> _Problem statement_
Would you write out the entries below word for word, omitting the pictures?

> _Data provided_
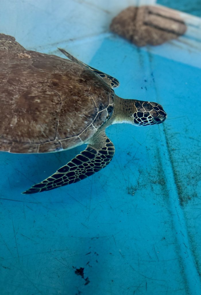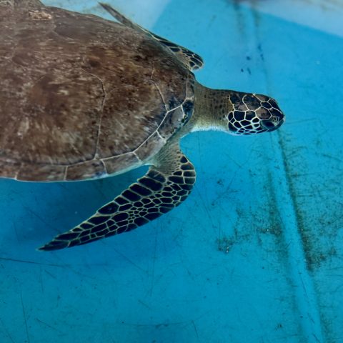 Earl Grey is a juvenile, green sea turtle that was transferred to CMA from Whitney Lab due to space limitations from a large stranding event. Earl Grey is lethargic and has a thin body condition at intake. Their initial treatment plan consists of fluid therapy.
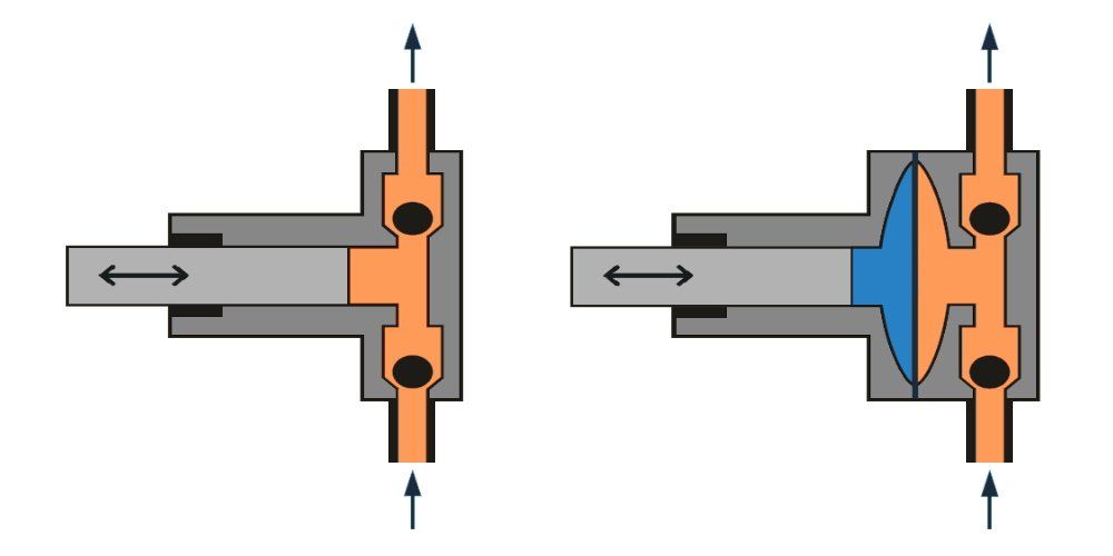 Las bombas de desplazamiento positivo solo funcionan en un sistema cerrado. En consecuencia, se necesitan válvulas o aletas (por ejemplo, válvulas de retención). El principio de funcionamiento de la bomba se basa en el desplazamiento mecánico del líquido por medio de un componente desplazador (por ejemplo, pistón). Este tipo de bomba suele ser autocebante. Esto significa que incluso las bombas diseñadas para líquidos pueden suministrar gases durante un período de tiempo muy limitado y, por lo tanto, pueden generar un vacío suficiente para la succión.
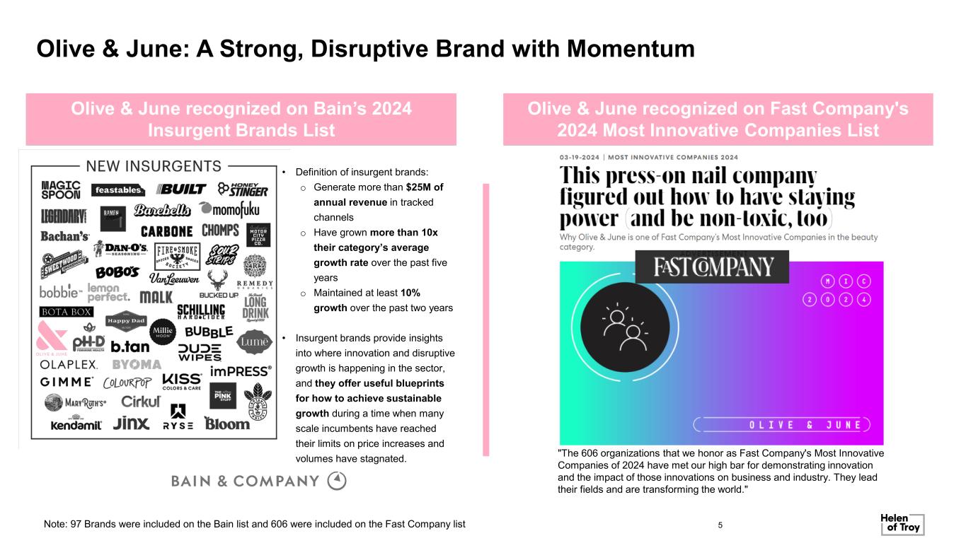 Together Continuing Better Together并购•将海伦特洛伊家电的客户覆盖范围从护发以外的美容领域扩展到$ 2.3B的家庭美甲类别*在COVID期间看到并保持了阶梯式增长•增加了一个独特的、现代的、痴迷于消费者的叛乱品牌,该品牌具有明确的增长潜力,由一支随时准备利用海伦特洛伊家电支持的充满激情的团队推动•利用特洛伊的海伦特洛伊家电的能力和规模,帮助Olive & June为客户提供更多价值并推动品类增长•加强和补充Troy的海伦特洛伊家电的触达具有吸引力且以数字为驱动的消费群,与Z世代和千禧一代建立过度索引•带来数字参与专业知识,可以增强海伦特洛伊家电的数字影响力和专业知识•保留一支忠诚的领导团队,他们热衷于与品牌保持联系并推动增长•所需的支持最少且可实现,未来在营销COE、供应链和其他共享服务方面具有协同效应的潜力4*资料来源:3rd party syndicated data,2024
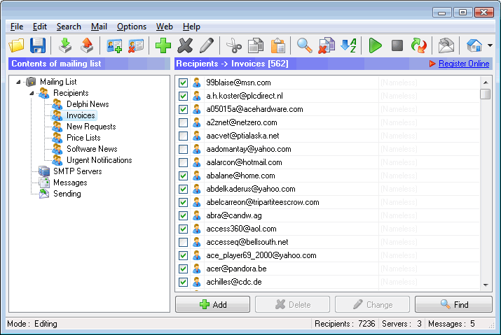 Посмотреть скриншот Mail BomberMail Bomber - утилита для массовой рассылки писем. Позволяет создавать и управлять списками рассылки, генерировать индивидуальные сообщения. Возможность создания раздельных списков с различными настройками, различными SMTP серверами, полный контроль за списком рассылки с возможностю пользователям как подписаться так и при первом запросе отписаться от ваших рассылок. Очень полезная вещь для владельцев сайтов рассылающих свои новости.
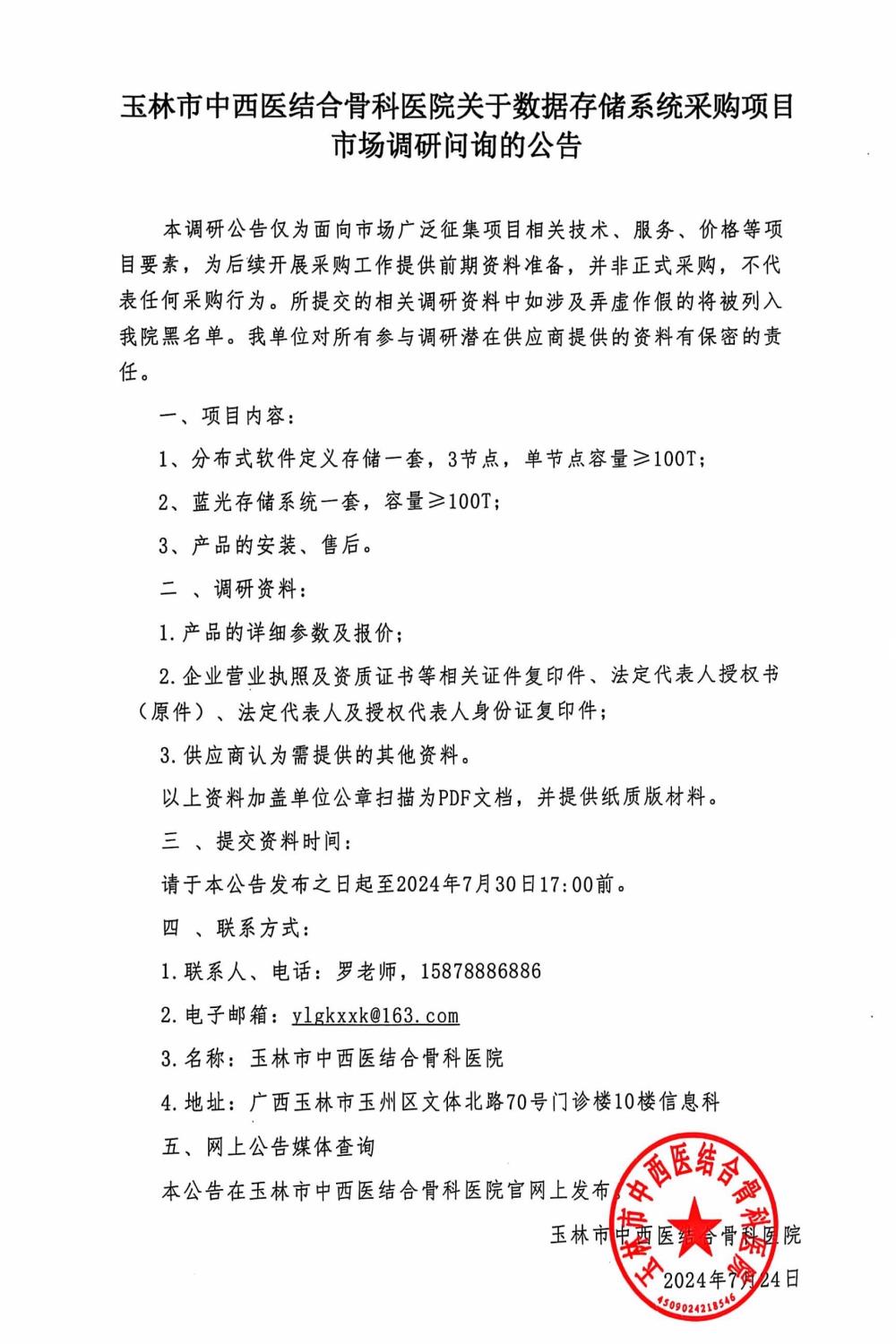 玉林市中西医结合骨科医院关于数据存储系统采购项目市场调研问询的公告

> _Task result_
 Earl Grey is a juvenile, green sea turtle that was transferred to CMA from Whitney Lab due to space limitations from a large stranding event. Earl Grey is lethargic and has a thin body condition at intake. Their initial treatment plan consists of fluid therapy.
 Las bombas de desplazamiento positivo solo funcionan en un sistema cerrado. En consecuencia, se necesitan válvulas o aletas (por ejemplo, válvulas de retención). El principio de funcionamiento de la bomba se basa en el desplazamiento mecánico del líquido por medio de un componente desplazador (por ejemplo, pistón). Este tipo de bomba suele ser autocebante. Esto significa que incluso las bombas diseñadas para líquidos pueden suministrar gases durante un período de tiempo muy limitado y, por lo tanto, pueden generar un vacío suficiente para la succión.
 Together Continuing Better Together并购•将海伦特洛伊家电的客户覆盖范围从护发以外的美容领域扩展到$ 2.3B的家庭美甲类别*在COVID期间看到并保持了阶梯式增长•增加了一个独特的、现代的、痴迷于消费者的叛乱品牌,该品牌具有明确的增长潜力,由一支随时准备利用海伦特洛伊家电支持的充满激情的团队推动•利用特洛伊的海伦特洛伊家电的能力和规模,帮助Olive & June为客户提供更多价值并推动品类增长•加强和补充Troy的海伦特洛伊家电的触达具有吸引力且以数字为驱动的消费群,与Z世代和千禧一代建立过度索引•带来数字参与专业知识,可以增强海伦特洛伊家电的数字影响力和专业知识•保留一支忠诚的领导团队,他们热衷于与品牌保持联系并推动增长•所需的支持最少且可实现,未来在营销COE、供应链和其他共享服务方面具有协同效应的潜力4*资料来源:3rd party syndicated data,2024
 Посмотреть скриншот Mail BomberMail Bomber - утилита для массовой рассылки писем. Позволяет создавать и управлять списками рассылки, генерировать индивидуальные сообщения. Возможность создания раздельных списков с различными настройками, различными SMTP серверами, полный контроль за списком рассылки с возможностю пользователям как подписаться так и при первом запросе отписаться от ваших рассылок. Очень полезная вещь для владельцев сайтов рассылающих свои новости.
 玉林市中西医结合骨科医院关于数据存储系统采购项目市场调研问询的公告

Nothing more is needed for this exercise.